H,
It has been too long but let us move on from excuses quickly. How have you been? I am sorry for the long silence but you know about all that has happened. I have felt too ‘evil’ to approach this. Somehow too guilty and too full of myself at the same time. It is the most curious reaction we have in the human soul that when we fail spectacularly and sit in the dark we start trying to avoid the light. It will only gets worse when we do this but we have that silly pride that tells us that God is all or nothing at once.
This is a lie of course and we know who the great liar is. The solution to our great falls is to always find the great recovery. We are to live transparent lives of grace not ignoble lies of stature. We are digging in the dirt for something real not building molehills for that paper-king of our own making. We have to come back, like the prodigal son, again and again before all is lost. We should never forget that failure is only the opportunity to begin in God again, a little less self-reliant and much more aware of his love.
This is not an opportunity for sin to grow in us or for laxity in pursuing holiness. It has been told as a lie a bit too much that if you let people off the hook by offering unlimited grace you create a gospel that lacks power to change. I have found it is the opposite. When we tell people that they have no room for failure they only create secret rooms to hide those failures in. They cannot be honest in that draconian state so they cannot find truth and then they cannot be free.

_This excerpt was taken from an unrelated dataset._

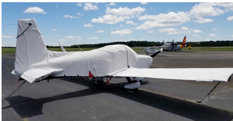
Grumman AA5 Complete Cover Set

WINTER USE MATERIAL - Made with Solution-Dyed Polyester fabric, this option is intended for seasonal use to aid in deicing, rain mitigation, or for occasional travel. The material is lighter and more compact, but more susceptible to UV damage and may have a shorter useful life if used continuously outside than the all-year use material.

God offers something much more. An invitation to go deeper to the root of things. To be found out as you are and still loved, to fall and then fall in love, to find that our many flaws and foibles are a story He is building something beautiful around. The Bible is full of imperfect heroes save one. And that one says to us, over and over again: Go in freedom from sin and self, I do not condemn you. May we learn to hear that voice at every turn and with every fall and until we are perfect at seeing grace, accepting love, and being made whole over a lifetime spent learning to look up at the full stature of God and not down at ourselves.